Range Sum Query - Mutable

Range Sum Query - Mutable

January 27, 2024
medium
Fenwick Tree

Problem Statement #

Given an integer array nums, handle multiple queries of the following types:

  1. Update the value of an element in nums.
  2. Calculate the sum of the elements of nums between indices left and right inclusive where left <= right.
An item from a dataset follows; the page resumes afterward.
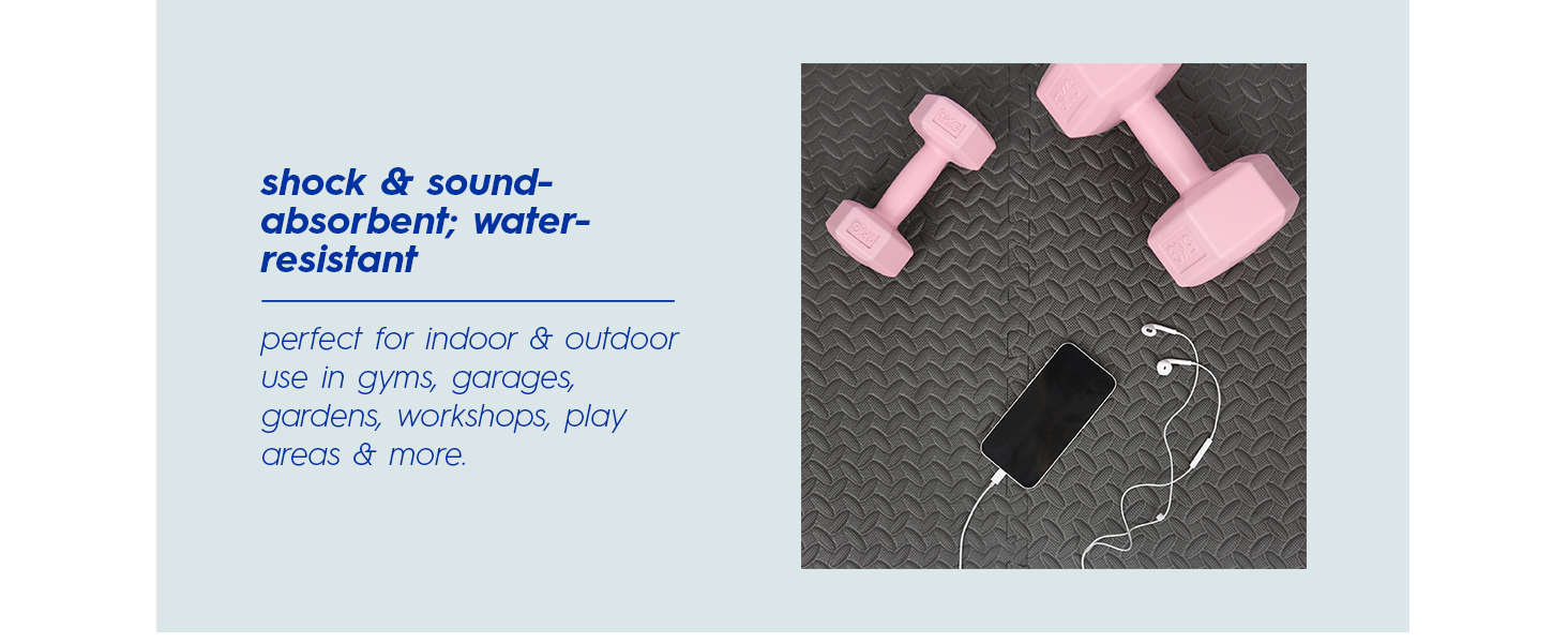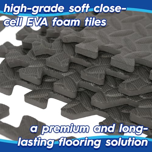 Premium EVA Foam Protection – Crafted from high-grade closed-cell EVA foam, each tile provides durable cushioning that protects hard floors from scuffs, scratches, dents and impact during workouts.

Implement the NumArray class:

  • NumArray(int[] nums): Initializes the object with the integer array nums.
  • void update(int index, int val): Updates the value of nums[index] to be val.
  • int sumRange(int left, int right): Returns the sum of the elements of nums between indices left and right inclusive (i.e., nums[left] + nums[left + 1] + ... + nums[right]).

Example:

  1. Input
    • [“NumArray”, “sumRange”, “update”, “sumRange”]
    • [[[1, 3, 5]], [0, 2], [1, 2], [0, 2]] Output
    • [null, 9, null, 8] Explanation
    • NumArray numArray = new NumArray([1, 3, 5]);
    • numArray.sumRange(0, 2); // return 9 (sum of the first three elements)
    • numArray.update(1, 2); // update the second element to 2
    • numArray.sumRange(0, 2); // return 8 (sum of the first three elements)

Solution Approach #

The solution uses a Fenwick Tree (Binary Indexed Tree) for efficient updates and range sum queries.

Algorithm Steps #

  1. Construct a Fenwick Tree with the given nums.
  2. For update, adjust the Fenwick Tree with the difference between the new value and the current value at the index.
  3. For sumRange, calculate the prefix sum up to right and left-1 using the Fenwick Tree, and return their difference.

Code (Python) # 

class NumArray:
    def __init__(self, nums):
        self.n = len(nums)
        self.nums = nums
        self.BIT = [0] * (self.n + 1)
        for i, num in enumerate(nums):
            self.init(i, num)
    
    def init(self, i, val):
        i += 1
        while i <= self.n:
            self.BIT[i] += val
            i += i & -i

    def update(self, index, val):
        diff = val - self.nums[index]
        self.nums[index] = val
        self.init(index, diff)

    def sum(self, i):
        res = 0
        i += 1
        while i:
            res += self.BIT[i]
            i -= i & -i
        return res

    def sumRange(self, left, right):
        return self.sum(right) - self.sum(left - 1)

# Test the class
numArray = NumArray([1, 3, 5])
print(numArray.sumRange(0, 2))  # Output: 9
numArray.update(1, 2)
print(numArray.sumRange(0, 2))  # Output: 8

Time Complexity #

  • update: O(log n)
  • sumRange: O(log n)

Space Complexity #

O(n), for the Fenwick Tree.